Skinhead leader believes he was a political prisoner

THE LEADER of the Order of Lawyers said he was satisfied with the release from prison of a fanatical Portuguese skinhead leader.

Mário Machado is one of 36 defendants being tried for racial discrimination at Lisbon’s Monsanto Court, and the only one to have been detained in prison custody for over a year without verdict.

“There were absolutely no reasons to keep this man in prison for so long,” said Marinho Pinto, Bastonário dos Advogados.

Marinho Pinto has been lobbying parliament to end imprisonment without trial in such cases as Mário Machado.

“I completely disagree with Mário Machado’s ideas but still think he was a victim of an unjust and fundamentalist legal interpretation of Portuguese criminal law,” he told the Lusa news agency.

Although Mário Machado has been released from prison, he is still subject to a number of custodial measures, prohibited from leaving his area of residence without police authority or contacting other defendants until the end of the trial on June 18.

The court case currently being heard in Monsanto is the first to try 36 defendants for racial discrimination.
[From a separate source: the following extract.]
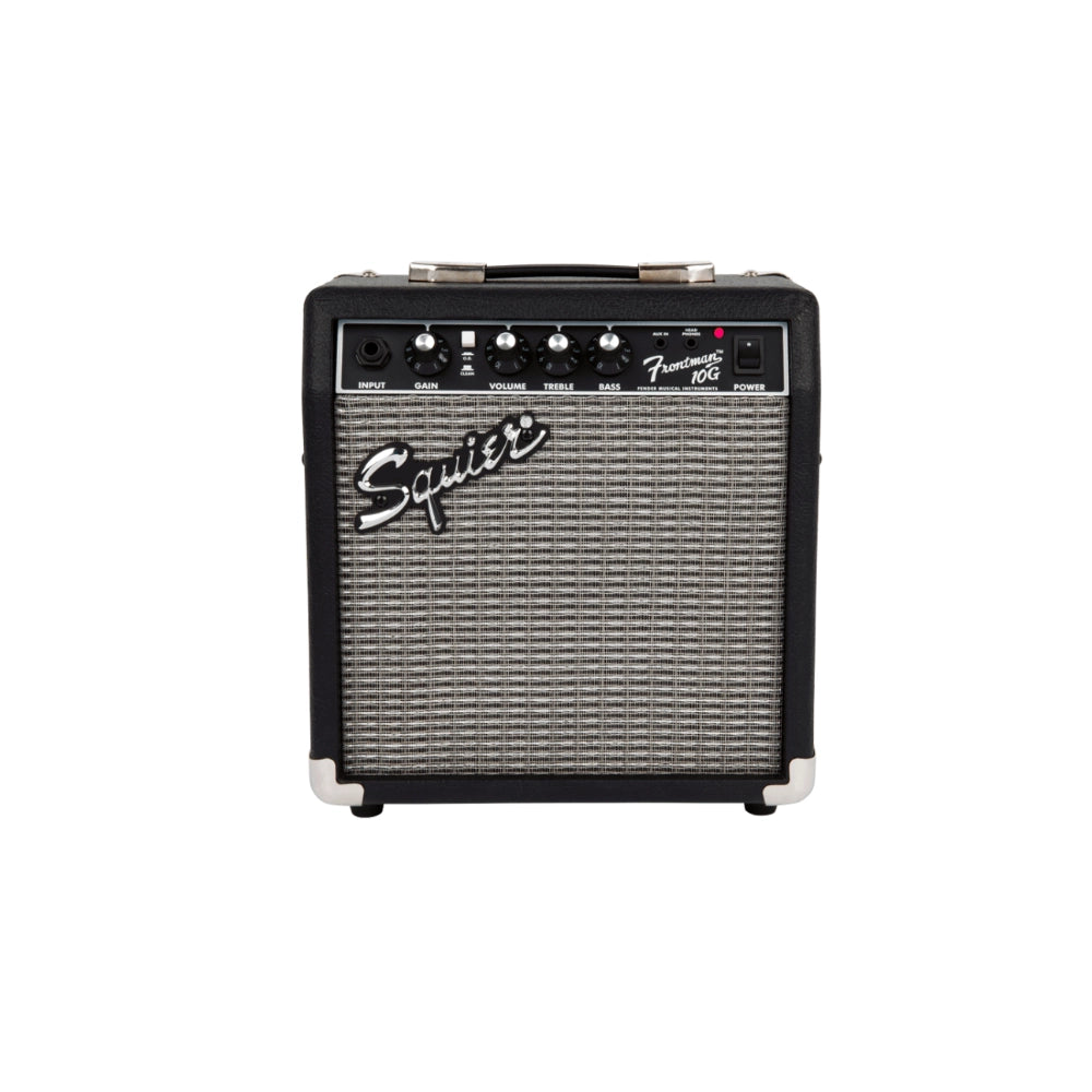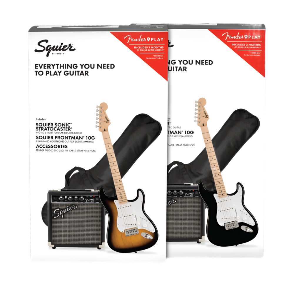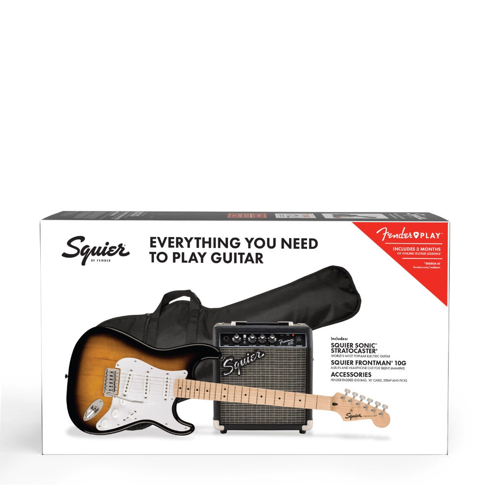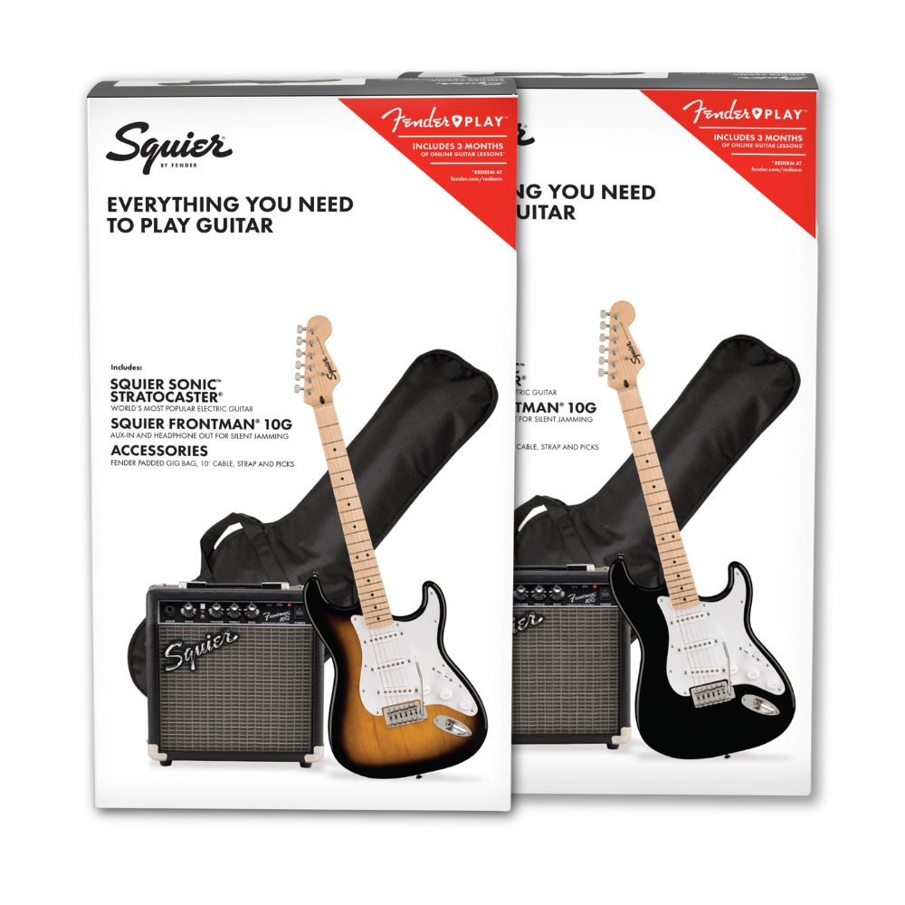 The Squier Sonic® Stratocaster® Pack is ready to launch any musical adventure into warp speed, offering new players a convenient collection of guitar essentials in one box. An icon of music history and a great choice for beginners, the Stratocaster is renowned for its stylish and comfortable contoured body and slim, easy-to-play neck. Three single-coil pickups produce inspiring and versatile tone perfect for any musical genre and a tremolo bridge invites expressive vibrato effects that are sure to spark creativity. The compact and portable Squier® Frontman® 10G amplifier features both clean and overdrive channels, two-band EQ for tone control, headphone jack for silent practice and an aux input for connecting a media device. Also included are a padded gig bag, instrument cable, strap and picks, as well as a free 3-month subscription to Fender Play® - the easiest way to learn guitar.

Mário Machado has already spent several years in prison for being involved with a group of other skinheads in the death of a Portuguese citizen of Cape Verde origins, Alcino Monteiro, who was beaten to death in 1995.

Last week, Mário Machado reaffirmed his belief that he is a ‘political prisoner’ being tried for his political beliefs.

His lawyer José Manuel Castro said he was convinced that the accusation of racial discrimination imputed to his client “was very weak and circumstantial.”